Curly_t@uRus said...

pantai bawa aura romantis tauuuu...

hehehehe
Met lebaran ya enno...maav telat
:)

Rona Nauli said...

bali cliff, uluwatu, padhang2, dreamland...kira2 kau bakal nyerah di pantai yang keberapa, No? :p

Enno said...

@asop: hahaha sama :P

@glo: he? pake bikini? ga salaaah? ngintip aaah, kufoto, trus aplod di blog wkwkwkw

@curly taurus: romantisnya malah bubar klo kulitku malah jd gosong, btw thx ucapan lebarannya may :)

@rona: di pantai yg ga bikin aku gosong madam... ada ga? :P

Mentari said...

Eh? Mba Enno gak suka pantai? weleh, weleh, weleh...
padahal duduk di pasir, di bawah pohon kelapa, sambil diem aja berjam-jam ngeliatin laut itu rasanya seperti di surga lho *lebay ya* hehehe...

untung pacarnya suka pantai, siapa tahu Mba Enno jadi ketularan, hihihi

Rumah Dijual said...

wih kayanya pantainya keren banget tw,,, jadi pengin dah,, :(

Ujang Arnas said...

Woalah HIV yah :|

sekali lagi turut berduka cita deh.
semoga tenang disana.

Enno said...

@mentari: memang asik sih... sambil nulis di lappy gitu ya... tapi keasikan itu berubah mjd derita manakala gosong mulai melanda kulit putri kratonku wkwkwk *pret*

@rumah: makasih dah mampir

@uchank: iya... sedih bgt deh... amin, makasih ya doanya :)

Hans Febrian said...

aku selalu terobsesi sama pantai. makanya, satu minggu disini aku ke pantai tiap hari. who the heck care if i turn to be negro :P

Enno said...

hihihi.. kulit kamu emang butuh agak sedikit matahari krn tll pucat hans... tp masalah di aku itu bkn krn jd hitamnya, tp krn perihnya...

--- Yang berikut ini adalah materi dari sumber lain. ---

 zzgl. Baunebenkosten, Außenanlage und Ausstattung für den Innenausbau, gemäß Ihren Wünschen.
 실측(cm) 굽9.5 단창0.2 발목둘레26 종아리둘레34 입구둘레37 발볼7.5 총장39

terbakar beneran tau... kulit sensi neeh :P

M. Faizi said...

Bersedih untuk Pung...

Pantai tetap begitu-begitu saja, tergantung kita berdiri di bawah nyiur atau di atas pecahan kapal yang membuat kita terdampar

Unknown said...

Hyaaa..Banyak2 aja yang ga suka pantai,,, biar ga sesekkk... :p

Related Posts Plugin for WordPress, Blogger...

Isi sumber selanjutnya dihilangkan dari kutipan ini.